Compute the expectation of steps making $n$ different balls the same

Suppose that we are given $n$ balls of different colors. Each time we pick up two balls randomly and change the color of the second ball to that of the first, then we put them back. The question is what is the expectation of steps when these balls become the same color.

I solved the problem for $n=2, 3, 4$. The naive solution is to solve a system of recursive equations. But there are too many states if $n$ is lager than $4$.

As requested by the comment, I now present my solution for $n=3$; similar method works for $n=4$. Let $E(1, 2, 3)$ be the desired expectation, we have $$ E(1, 2, 3)=1+\frac{1}{6}(E(1, 1, 2)+E(1, 2, 2)+etc.)=1+E(1,1, 2) $$ and $$ E(1, 1, 2)=1+\frac{1}{3}(E(1,1,2)+E(1,1,1)+E(1, 2, 2))=1+\frac{2}{3}E(1,1,2). $$ It not hard to see that $E(1,1,2)$ is finite, hence $E(1,1,2)=3$ and $E(1,2,3)=4$.

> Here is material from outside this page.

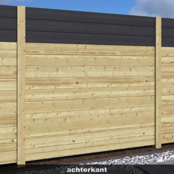 Deze plank heeft een lengte van ongeveer 180 cm, een breedte van circa 13,5 cm en een dikte van zo'n 2,8 cm. Gemaakt van geïmpregneerd grenenhout en afgewerkt met een antracietkleurige spray, biedt het blokhutprofiel een effectieve en esthetisch verantwoorde oplossing voor afscheidingen. De planken passen eenvoudig tussen de sleufpalen dankzij de tand- en groefverbinding. Bij een complete schutting van dit profiel blijft de uitstraling aan beide zijden gelijk. Voor een nette afwerking aan de bovenkant kunt u een afdekprofielplank in dezelfde kleur gebruiken (artikel 159317).

P.S. I was asked this question by a phone interviewer. If I or he didn't get the question wrong, then I hope there might be a 'clever and quick' solution for general cases.


Solution 1:

Following up on Christian Blatter's answer, I crunched through all the equations for $n=5$ and, using Christian's notation, found

$$E_{11111}=16$$

Together with the trivial results $E_1=0$ and $E_{11}=1$, the OP's reported $E_{111}=4$, and another computation to get $E_{1111}=9$, the sequence of expected values,

$$0,1,4,9,16,\ldots$$

looks suspiciously familiar. It would behoove someone to take a look at $n=6$. It might also help if someone independently checked my work on $n=5$ (and $n=4$, for that matter), to make sure I'm not fooling myself. (Remark, added later: I wrote a quick and dirty computer simulation and looked at cases up to $n=10$. The results seem to agree with $(n-1)^2$ as the expected value. This gives me a bit more confidence that I did the $n=5$ case correctly. Still, no one should take my word for it.)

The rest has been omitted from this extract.